Hélio sorveu o vinho de um único gole e foi para a cozinha. Quando voltou à sala, notou que folhavam um álbum de fotografias trazido pelo bailarino. Ao visualizar uma foto, o noivo de Elizabeth inquiriu, entre curioso e admirado:

— Uau! Quem é essa belíssima deusa que posa abraçada com você, Igor? Não parece uma bailarina, pois não é uma magricela ossuda.

— Essa é a Sasha, minha namorada; ela é russa — esclareceu o rapaz esboçando um sorriso de triunfo.

— Quê! Não pode ser. Isto é uma farsa ou brincadeira de mau gosto. Como uma mulher gostosa dessas, verdadeira deusa, pode ser namorada de um bailarino bicha?

— Basta, Hélio! — interferiu Elizabeth indignada — Estou farta da sua estupidez e grosserias. Ouvi toda a conversa anterior de vocês dois. Agora por favor, saia do meu apartamento.

— Mas querida...

— Saia!

— Tudo bem, aproveitem o balé.

***

— E o jantar? — Questionou a garota de programa.
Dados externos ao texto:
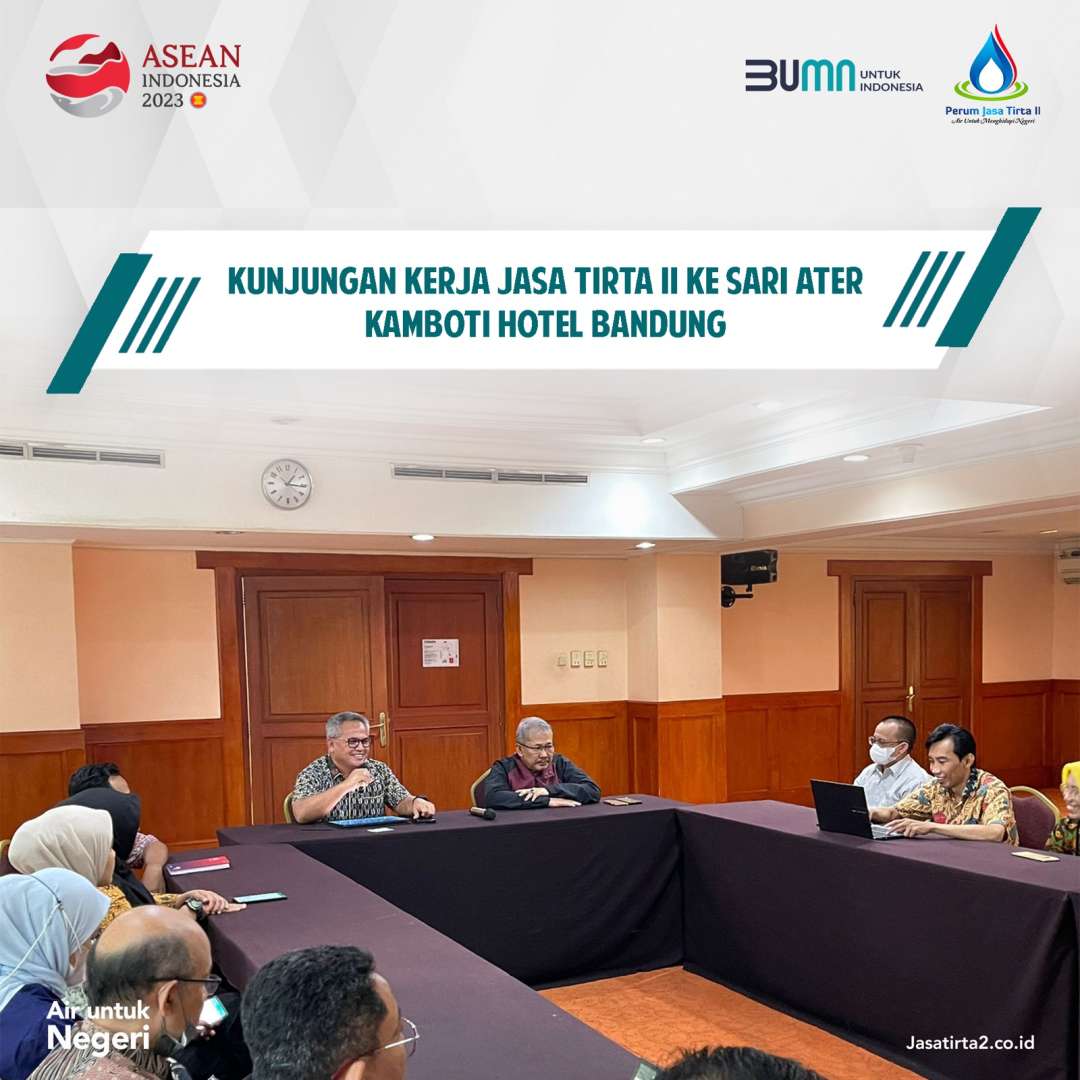 Direktur Pengembangan Usaha Jasa Tirta II Dikdik Permadi Yoffana menerima kunjungan kerja Direktur Utama Perumda Air Minum Tirta Jati Kabupaten Cirebon H. Suharyono, Direktur Teknik Perumda Air Minum Tirta Jati Muhammad Irsyad di Kantor Pusat Jasa Tirta II pada hari Senin, 10 April 2023. Kunjungan Kerja membahas potensi kerjasama pengembangan SPAM ..
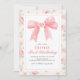 Invitación Bow rosa y Rosas Coquette primer cumpleaños
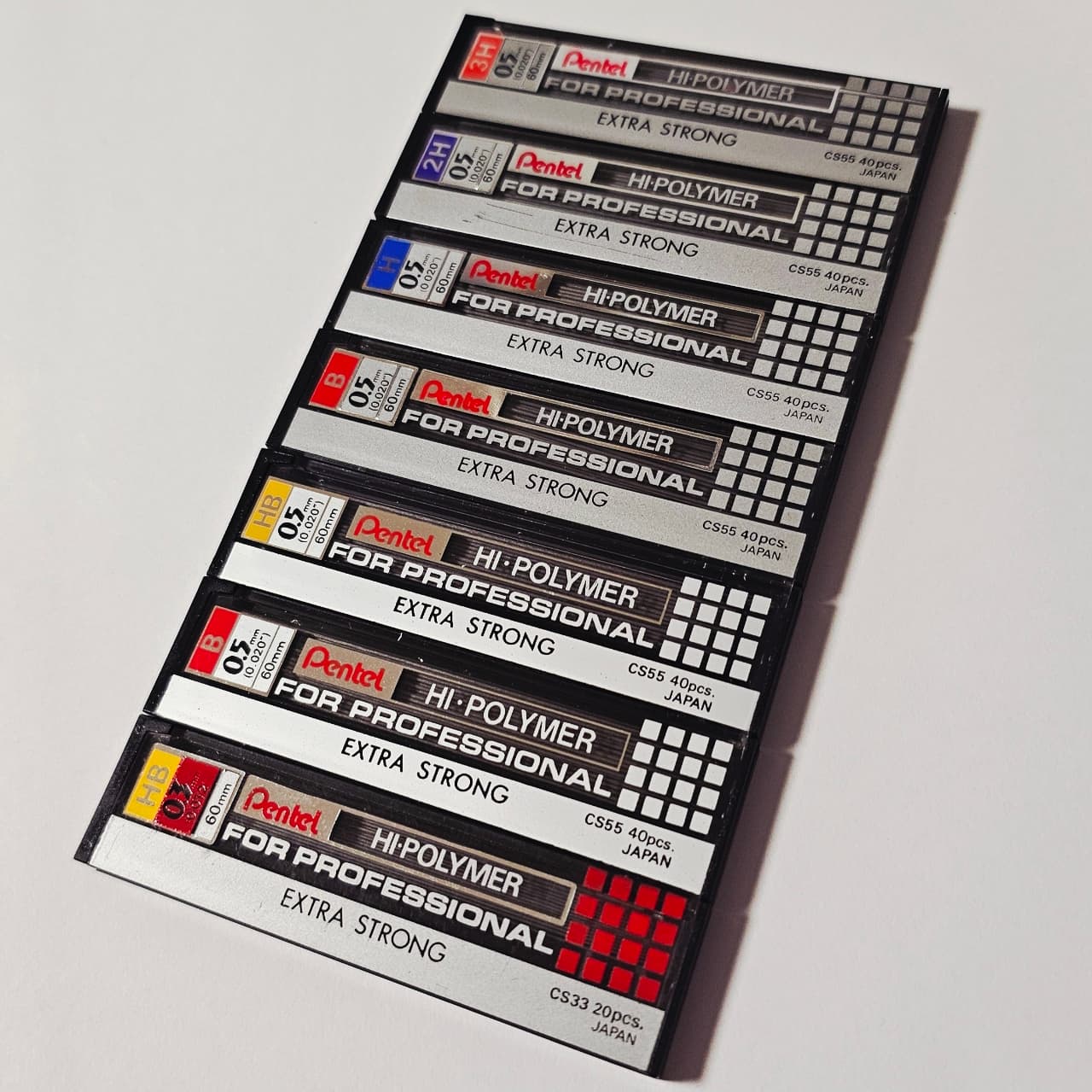 I’ve captured every ‘Hi-Polymer For Professional’ mechanical pencil lead I own in photos. Finding photo information for this product across the entire internet is extremely difficult, and this is likely the first time this information is being shared in web history. I hope you enjoy it.

— Eu menti, nem cheguei a provar. E então, o que achou da história?

— Cara, sua noiva tá coberta de razão. Você é um chato, idiota, pretensioso e preconceituoso.

— Jura, já que sou tão detestável assim, também não vou te pagar nada pelo programa igualmente detestável. Desse modo ficamos quites. O que acha disso?

A moça retirou com destreza um pequeno revólver da bolsa e ordenou:

— Passe a grana e vê se não banca o esperto comigo.

— Não acredito! A vagabunda quer me assaltar. Pois bem, por que não atira logo, sua rameira?

Todos no bar ouviram o disparo.

Horas depois, deitado em uma maca hospitalar, Hélio teve por um instante sua atenção despertada para a conversa entre os dois enfermeiros e o médico plantonista:

— O negócio é o seguinte, doutor — falou o enfermeiro robusto — parece que o imbecil aí arrumou confusão com uma prostituta e ela atirou no pé dele.